━━ Source data
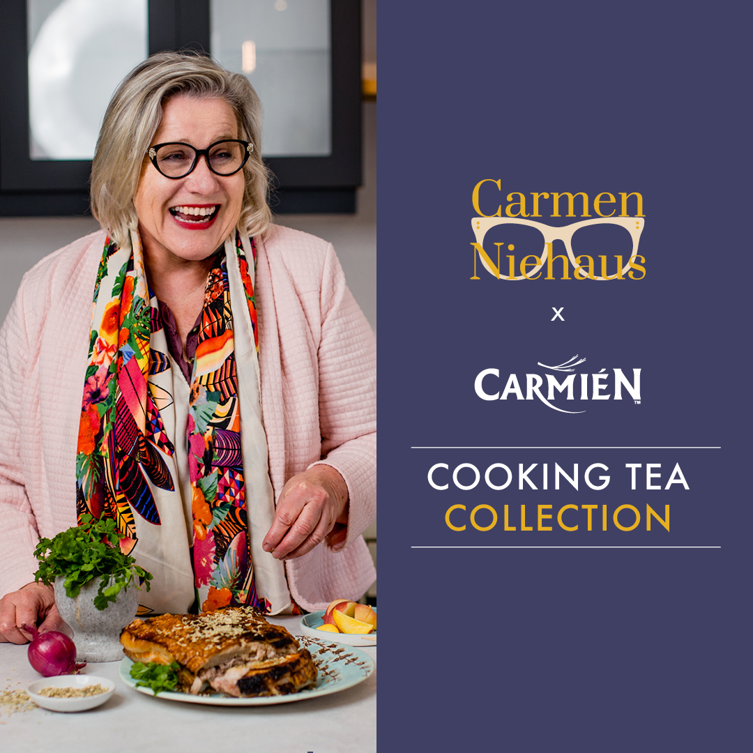 Ek het julle seker nou lank genoeg aan ‘n lyntjie gehou oor waarmee ek doenig is in die kombuis. En hier is dit nou – die CARMEN NIEHAUS COOKING TEA COLLECTION. Twee bokse met my noukeurig uitgesoekte teeseleksie uit die Carmien-teereeks waarmee ek heeldag en aldag lank in die kombuis kook. Ek noem dit my “spice cupboard in a tea bag”!
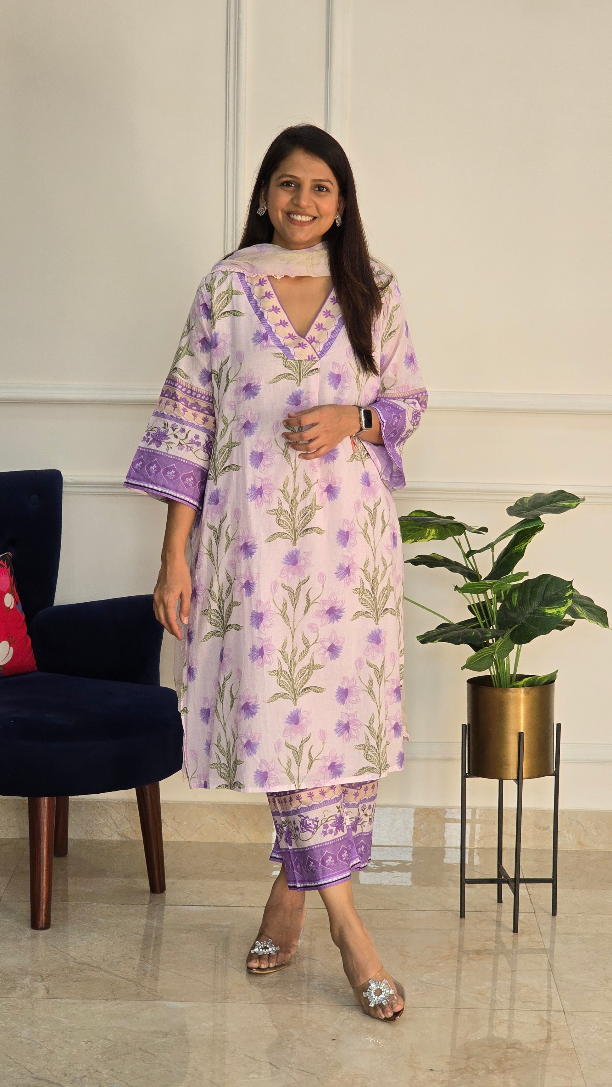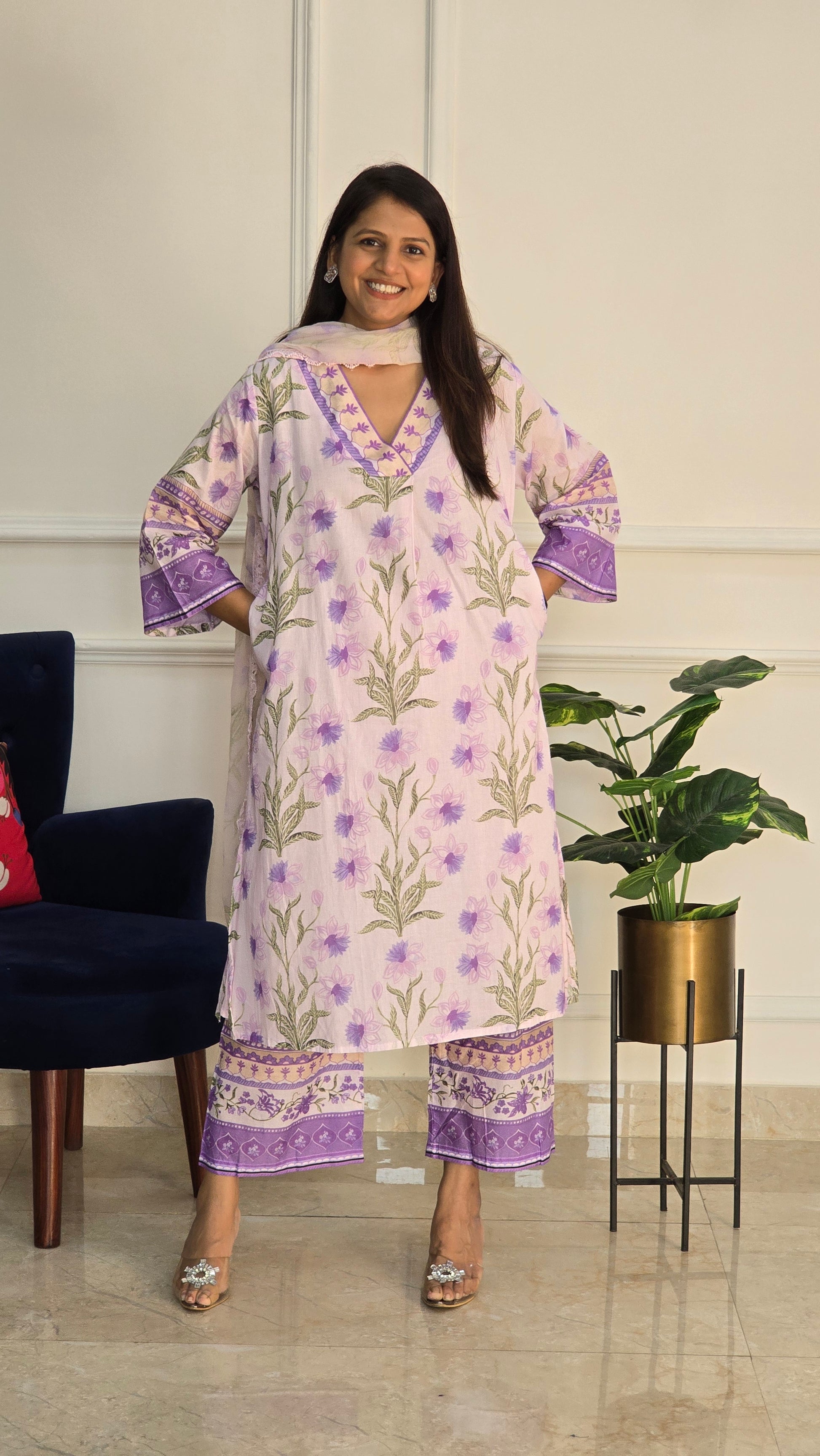 Floral garden print on Premium cotton feels like mul comes with a pure printed organza duppata and printed pants! (Kurta has attached lining)
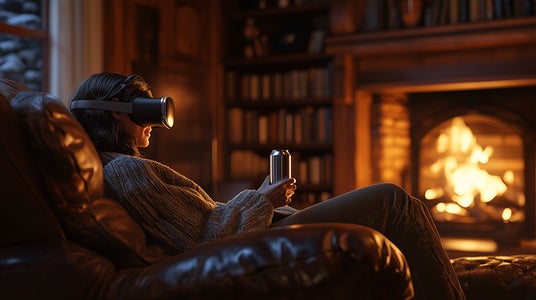 Apple Vision Proを装着することで、まるで森の中や焚き火のそばにいるような臨場感あふれる仮想空間が広がります。空間オーディオと組み合わさることで高い没入感を生み出し、ユーザーはお酒を楽しみながらリラックスできる環境を体験できます。
━━━━
- _Assigned task_: This task calls for an exact copy of the data above, without pictures.

- _Answer box_:
 Ek het julle seker nou lank genoeg aan ‘n lyntjie gehou oor waarmee ek doenig is in die kombuis. En hier is dit nou – die CARMEN NIEHAUS COOKING TEA COLLECTION. Twee bokse met my noukeurig uitgesoekte teeseleksie uit die Carmien-teereeks waarmee ek heeldag en aldag lank in die kombuis kook. Ek noem dit my “spice cupboard in a tea bag”!
 Floral garden print on Premium cotton feels like mul comes with a pure printed organza duppata and printed pants! (Kurta has attached lining)
 Apple Vision Proを装着することで、まるで森の中や焚き火のそばにいるような臨場感あふれる仮想空間が広がります。空間オーディオと組み合わさることで高い没入感を生み出し、ユーザーはお酒を楽しみながらリラックスできる環境を体験できます。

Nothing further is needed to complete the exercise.